Interessant, wenn es um Auswertegerätesparen geht. Bei Safe-SPS würde ich nach meinem Geschmack trotzdem alle Not-Halt-Taster an jeweils eigene Eingänge anschließen wegen der Zuordenbarkeit.


----------



## Elektriko (8 September 2021)

Welche "Maskierung" müssen nicht betrachtet werden? Und wo steht etwas darüber? 
Schönen Abend noch


----------



## s_kraut (8 September 2021)

Kannst mal in die 14119 reingucken, Anhang K.
Bin grad zwischen Pool und Restaurant - vllt. schreib ich nachher noch was!
Gruß


----------



## Elektriko (8 September 2021)

Ok, jetzt bin ich unterwegs, ich kann die Norm erst nächste Woche anschauen
Gruß


----------



## Rofang (9 September 2021)

Schau dir mal den IFA Report 2/2017 "Funktionale Sicherheit von Maschinensteuerungen - Anwendung der DIN EN ISO 13849" an.
Dort sind auf Seite 33 und 34 schöne Beispiele wie man sowas betrachten kann.
Dann noch auf Seite 196 sich das konkrete Beispiel 8.2.29 anschauen.
Ich sehe diese Sicherheitsfunktion als "Typical" an und erschlage damit alle 3 Not-Halte, es ändert sich ja nix außer dem BMK.
Sollte man eben nur Vernünftig in den Bemerkungen eintragen.

Gruß Rofang


----------



## Elektriko (13 September 2021)

s_kraut schrieb:


> Kannst mal in die 14119 reingucken, Anhang K.
> Bin grad zwischen Pool und Restaurant - vllt. schreib ich nachher noch was!
> Gruß


in dieser Norm gibt es kein Anhank K


----------



## Elektriko (13 September 2021)

Rofang schrieb:


> Schau dir mal den IFA Report 2/2017 "Funktionale Sicherheit von Maschinensteuerungen - Anwendung der DIN EN ISO 13849" an.
> Dort sind auf Seite 33 und 34 schöne Beispiele wie man sowas betrachten kann.
> Dann noch auf Seite 196 sich das konkrete Beispiel 8.2.29 anschauen.
> Ich sehe diese Sicherheitsfunktion als "Typical" an und erschlage damit alle 3 Not-Halte, es ändert sich ja nix außer dem BMK.
> ...


Hallo, ich habe es schon gelesen, danke.
Ich bin aber nicht einverstanden. In der Nachricht Nr. 6 MasterOhh hat es gut erklärt
Gruß


----------



## s_kraut (13 September 2021)

Elektriko schrieb:


> in dieser Norm gibt es kein Anhank K


Guck nächstes Jahr nochmal rein.


----------



## Elektriko (13 September 2021)

s_kraut schrieb:


> Guck nächstes Jahr nochmal rein.


Nächstes Mal bitte zitiert, dass du nicht über die aktuellen Normen schreibst, um Zeit zu sparen. Ich habe den neuen Entwurf nicht.


----------



## Rofang (13 September 2021)

Elektriko schrieb:


> Hallo, ich habe es schon gelesen, danke.
> Ich bin aber nicht einverstanden. In der Nachricht Nr. 6 MasterOhh hat es gut erklärt
> Gruß


Natürlich kann man das so machen, nur wird es dann irgendwann eng mit den Werten.

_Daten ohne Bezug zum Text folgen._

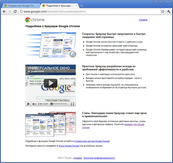 Google Chrome - веб-браузер производства Google с открытым исходным кодом, сочетающий поддержку веб-приложения и удобный поиск с высокой скоростью и стабильностью. В Chrome использованы наработки Apple WebKit и Mozilla Firefox. Из особенностей Chrome разработчики особо выделяют изолированные вкладки, предотвращающие сбой работы программы и обеспечивающие более надёжную защиту от опасных сайтов. Кроме этого, в Chrome реализован новый движок JavaScript V8, который позволит браузеру работать с веб-приложениями нового поколения.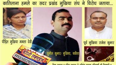 खगड़ियाः जिला मुखिया संघ जिलाध्यक्ष ममता देवी के आवास पर हुए कातिलाना हमले का सदर प्रखंड मुखिया संघ ने कड़ी निंदा कर विरोध जताया… जिला प्रशासन व पुलिस प्रशासन से अविलंब नामजद अभियुक्तों की गिरफ्तारी व पीड़ित मुखिया परिवार को सुरक्षा मुहैया कराने की अपील- सुनील कुमार/ मुखिया, बछौता..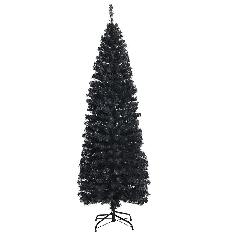 This is our brand new 6ft slim Christmas tree which is designed with 520 branch tips to offer a realistic and lush appearance. Simple Christmas tree allows you to decorate it freely with Christmas stockings, colored balls, lights or other ornaments according to your own preferences. Slim pencil shape design makes the tree take up less space to suitable for any narrow place. Foldable X-shaped iron stand prevents breakage and enhances the balance of the tree, offering stability to keep the wondrous tree standing all year around. Whether for your home, courtyard, or for commercial places like shops, the distinctive blue pencil tree is the perfect eye-catching decoration to add multiple fun and festive holiday fullness!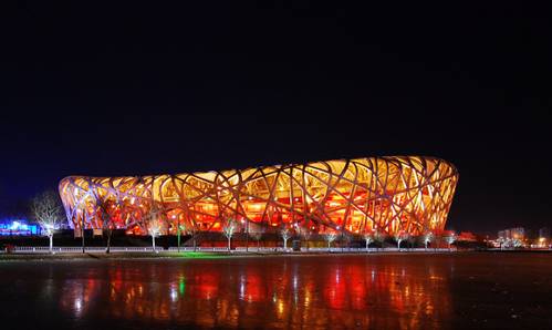 鸟巢,即国家体育场,是2008年北京奥运会的主场馆,由于于独特造型又俗称“鸟巢”。体育场在奥运会期间设有10万个座位,承办该届奥运会的开、闭幕式,以及田径同足球等比赛项目。由2001年普利茨克奖获得者赫尔佐格、德梅隆与中国建筑师李兴刚等合作完成的巨型体育场设计,形态如同孕育生命的“巢”,它更像一个摇篮,寄托着人类对未来的希望。设计者们对这个国家体育场没有做任何多余的处理,只是坦率地把结构暴露在外,因而自然形成了建筑的外观。2003年12月24日开工建设,2008年3月完工。2014年4月中国当代十大建筑评审委员会从中国1000多座地标建筑中,综合年代、规模、艺术性和影响力四项指标,初评出二十个建筑。最终由此产生十大当代建筑。北京鸟巢——国家体育场为初评入围建筑之一。里约奥运会即将开幕,北京奥运会的标志性场馆——国家体育场“鸟巢”在4日晚以亮灯的方式为里约奥运会送去祝福。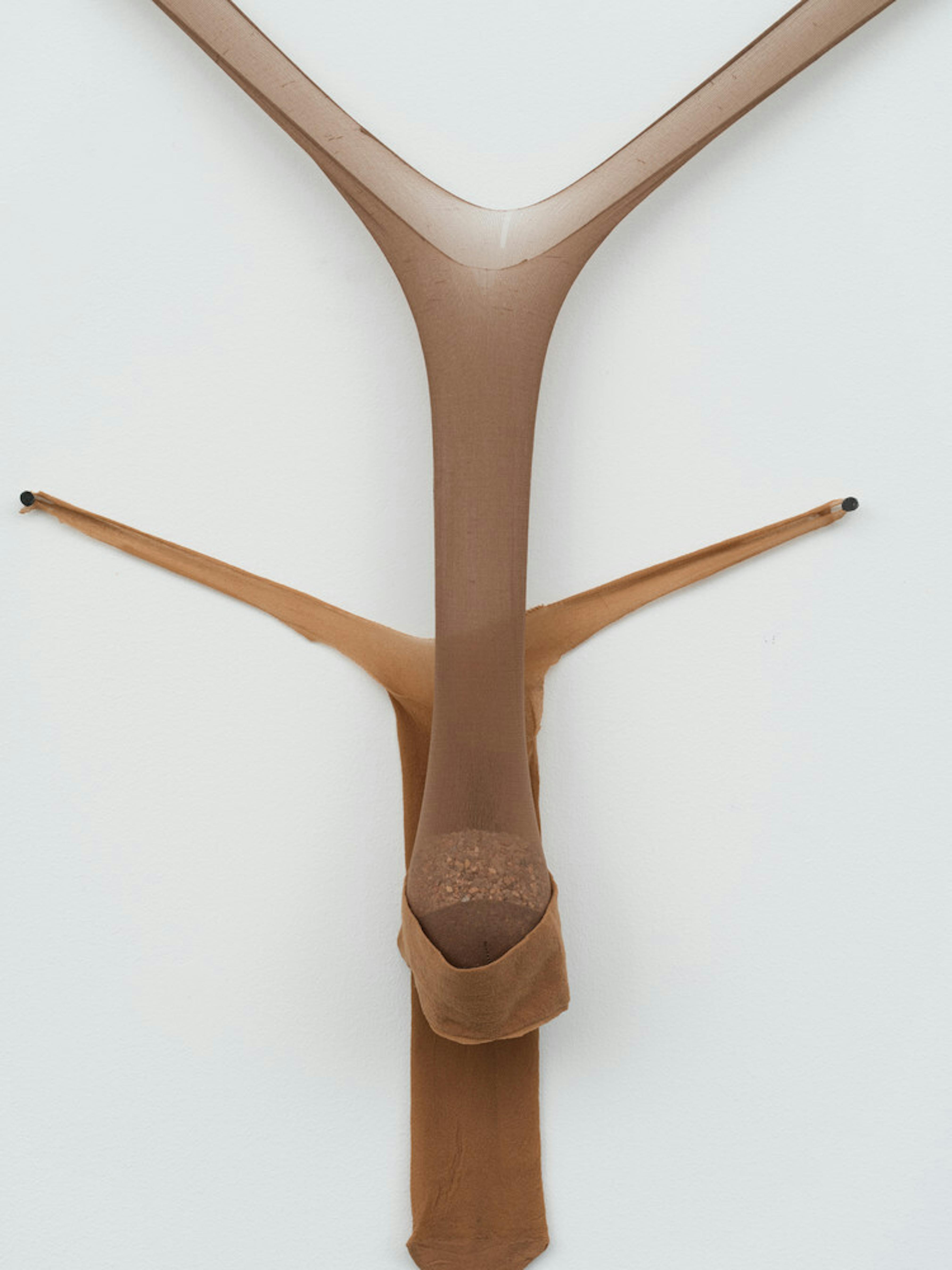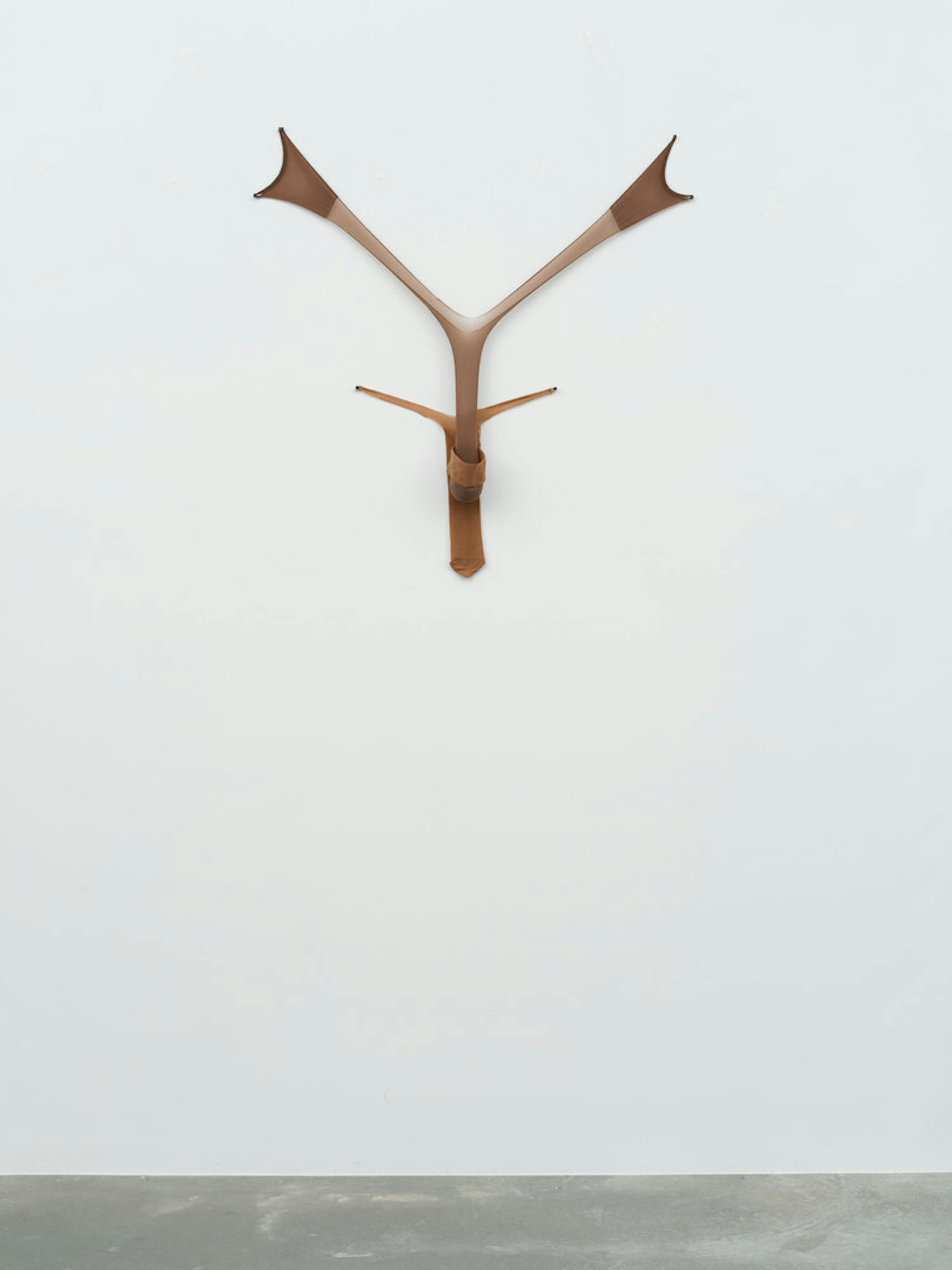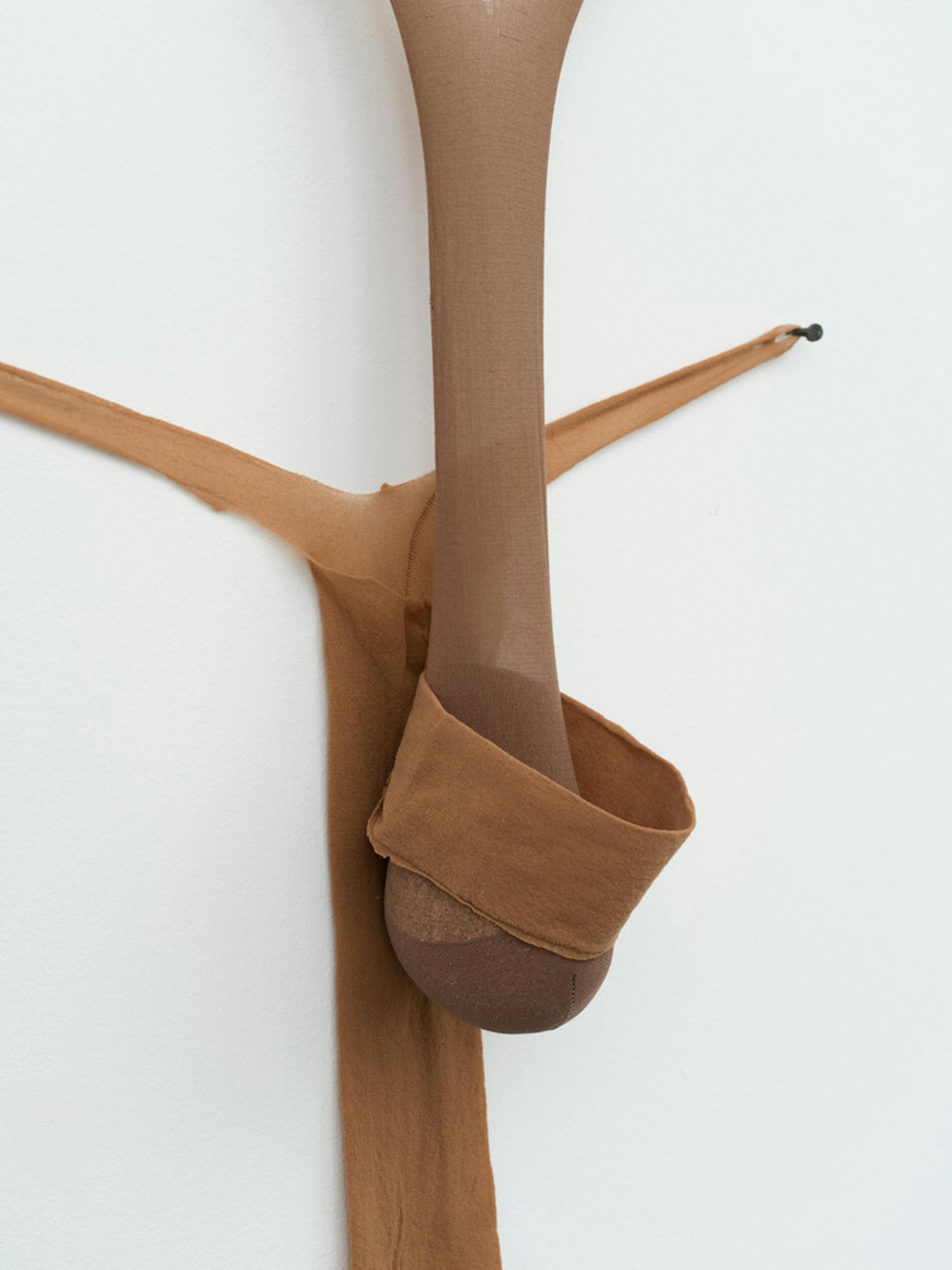 Through sculptures composed of flesh-toned pantyhose, Senga Nengudi taps into the symbolic potential of fiber materials. Since the 1970s, Nengudi has produced works, such as R.S.V.P. V, using brown pantyhose. In stretching the tights into elongated linear forms, she gestures toward the movement and resistance of Black women as they navigate society’s historical gender roles. The work is part of her "R.S.V.P." series of sculptures and performances, whose title is an abbreviation of the French phrase répondez s'il vous plaît (meaning “please respond”), alluding to performances during which dancers enter and lean into the sculptures. In both action and stillness, Nengudi’s works demonstrate the tensile resilience of the material and, symbolically, of Black women.

Auch wird im IFA-Report eben genau darauf eingegangen, dass davon ausgegangen wird das nur ein NH betätigt wird.
Stichwort lokale Sichtweise.

Muss aber jeder selbst wissen.


----------



## s_kraut (13 September 2021)

Elektriko schrieb:


> Nächstes Mal bitte zitiert, dass du nicht über die aktuellen Normen schreibst, um Zeit zu sparen. Ich habe den neuen Entwurf nicht.


Okay mach ich.

Frag mal dein Chef ob ihr im VDMA seid. Wenn ja dann kannst du da diverse Newsletter holen und kriegst die aktuellen Entwürfe - mit der Möglichkeit zu kommentieren.


----------



## s_kraut (13 September 2021)

Rofang schrieb:


> Natürlich kann man das so machen, nur wird es dann irgendwann eng mit den Werten.


Ja und es hinkt. Es suggeriert implizit, dass man Not-Halt-Befehlseinrichtungen einsparen sollte, damit die Sicherheitskette als solche zuverlässiger wird. Das passiert wenn man irgendwelchen Formeln hinterher läuft und dabei vergisst, um was es geht..


----------



## Rofang (27 September 2021)

s_kraut schrieb:


> Ja und es hinkt. Es suggeriert implizit, dass man Not-Halt-Befehlseinrichtungen einsparen sollte, damit die Sicherheitskette als solche zuverlässiger wird. Das passiert wenn man irgendwelchen Formeln hinterher läuft und dabei vergisst, um was es geht..


Eben weil man nicht der Formel hinterher laufen soll, wird das nach meinem Verständnis so gehandhabt. 
Sonst kommen die Leute tatsächlich auf die Idee an dem Not-Halt zu sparen, weil die Werte in der Berechnung aus dem Ruder laufen.


----------